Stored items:

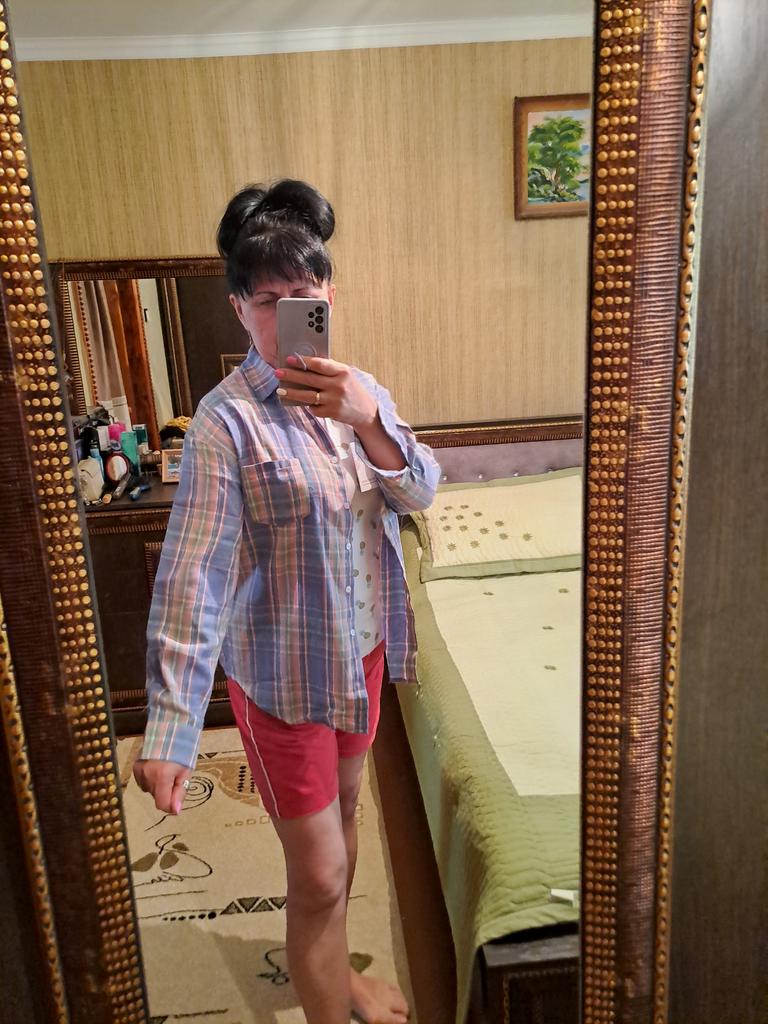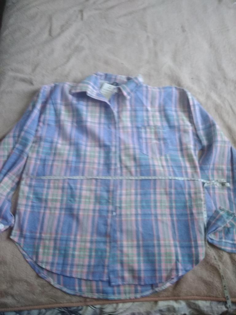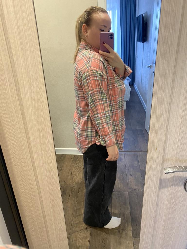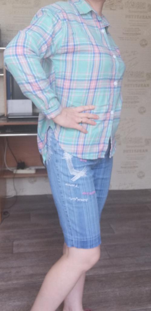 fitted bust 106. hips 110 cm. Shirt made of thin flannel. Adds volume to the figure. Sewn qualitatively, the fabric is soft and pleasant. The color matches the photo. For home or walks
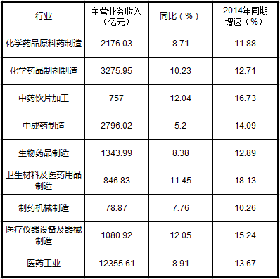 2015年1-6月醫(yī)藥工業(yè)主營業(yè)務收入完成情況
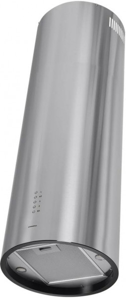 Цилиндрический корпус, изготовленный из матовой нержавеющей стали, устанавливается на потолок над кухонной плитой. В нижней части вытяжки расположен многослойный алюминиевый фильтр для улавливания жира. Этот фильтр можно легко извлечь и полностью разобрать, что значительно упрощает его очистку.
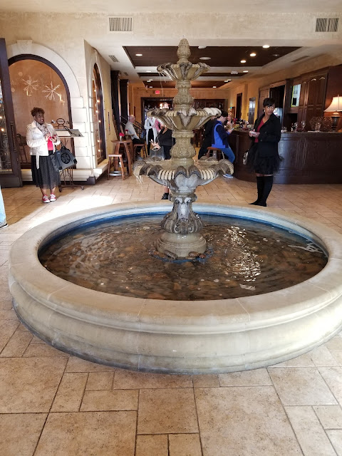 The foyer, just beyond the doors, was a large room with high ceilings and marble-colored tile floors. In the middle, directly in front of us, stood a circular fountain with four levels of pooling. There was a light trickle sound of water as it overflowed slowly from one level into the other. The larger bottom pool held a variety of stones and different denominations of coins. As we walked in, I saw an older black woman toss something shiny into the water and it resulted in a kerplunk sound with a small splash to follow.
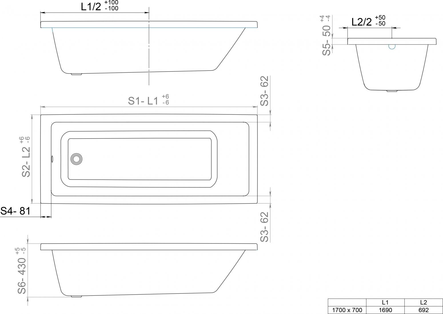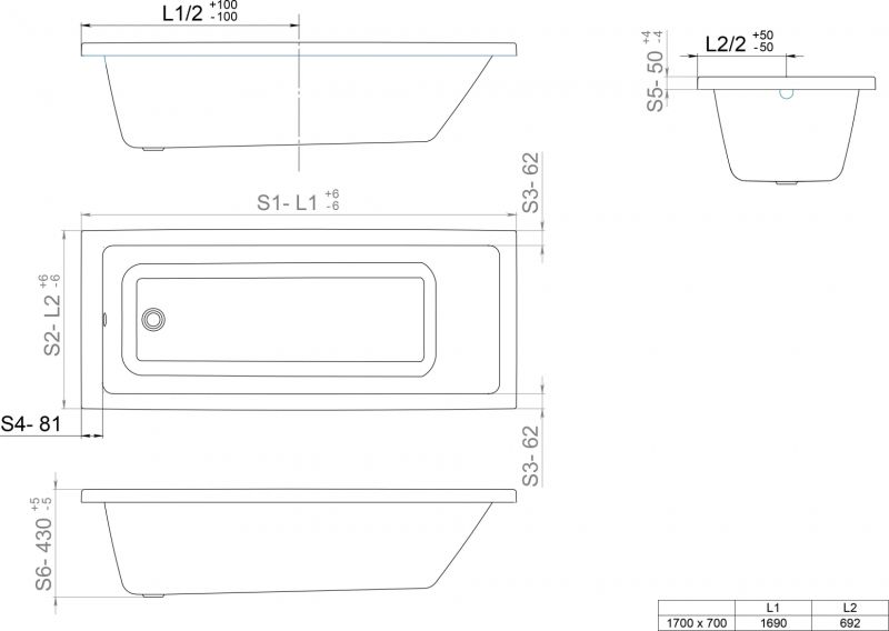 - Стандартные размеры, см:170x70
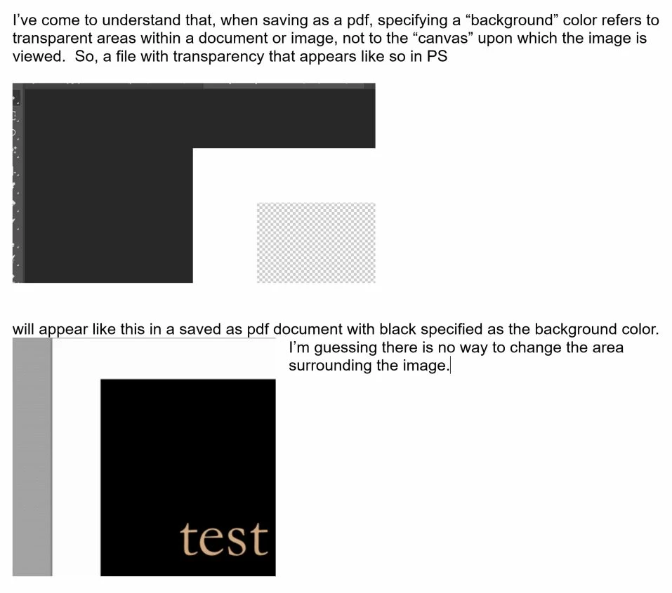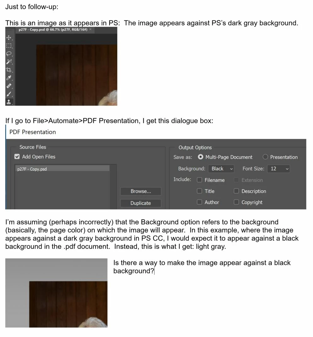 I want to put out a multi-page document in PS .pdf format. If I use "Save As," I don't get a choice of background color. If I use Automate>Multipage, I can choose a black background. However, I get a gray background. Anyone know how to get a black background?
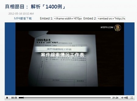 2012年5月15日,新唐人电视台播出了特别节目“解析‘1400例’- 诬蔑法轮功的‘1400例’真相”,其中曝光了一份来自中共高层的“绝密文件”,叫《案件线索情况工作表》。表格中提供了1,404名死亡者的线索,但没有证据,更没有查证,而且“查证情况”一栏全是空白。
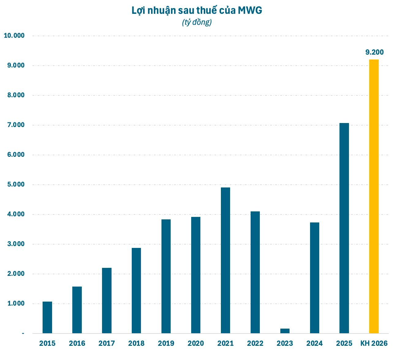 Năm 2026, Thế Giới Di Động dự kiến sẽ tiếp tục chính sách ESOP kèm KPI hoàn thành vượt kế hoạch kinh doanh. Đáng chú ý, doanh nghiệp đặt mục tiêu đầy tham vọng với doanh thu thuần 185.000 tỷ đồng và lợi nhuận sau thuế 9.200 tỷ đồng, tăng trưởng lần lượt 19% và 30% so với năm 2025.

▸ Your objective: Repeat all of the entries above word for word and omit the pictures.

▸ Exercise result:
 fitted bust 106. hips 110 cm. Shirt made of thin flannel. Adds volume to the figure. Sewn qualitatively, the fabric is soft and pleasant. The color matches the photo. For home or walks
 2015年1-6月醫(yī)藥工業(yè)主營業(yè)務收入完成情況
 Цилиндрический корпус, изготовленный из матовой нержавеющей стали, устанавливается на потолок над кухонной плитой. В нижней части вытяжки расположен многослойный алюминиевый фильтр для улавливания жира. Этот фильтр можно легко извлечь и полностью разобрать, что значительно упрощает его очистку.
 The foyer, just beyond the doors, was a large room with high ceilings and marble-colored tile floors. In the middle, directly in front of us, stood a circular fountain with four levels of pooling. There was a light trickle sound of water as it overflowed slowly from one level into the other. The larger bottom pool held a variety of stones and different denominations of coins. As we walked in, I saw an older black woman toss something shiny into the water and it resulted in a kerplunk sound with a small splash to follow.
 - Стандартные размеры, см:170x70
 I want to put out a multi-page document in PS .pdf format. If I use "Save As," I don't get a choice of background color. If I use Automate>Multipage, I can choose a black background. However, I get a gray background. Anyone know how to get a black background?
 2012年5月15日,新唐人电视台播出了特别节目“解析‘1400例’- 诬蔑法轮功的‘1400例’真相”,其中曝光了一份来自中共高层的“绝密文件”,叫《案件线索情况工作表》。表格中提供了1,404名死亡者的线索,但没有证据,更没有查证,而且“查证情况”一栏全是空白。
 Năm 2026, Thế Giới Di Động dự kiến sẽ tiếp tục chính sách ESOP kèm KPI hoàn thành vượt kế hoạch kinh doanh. Đáng chú ý, doanh nghiệp đặt mục tiêu đầy tham vọng với doanh thu thuần 185.000 tỷ đồng và lợi nhuận sau thuế 9.200 tỷ đồng, tăng trưởng lần lượt 19% và 30% so với năm 2025.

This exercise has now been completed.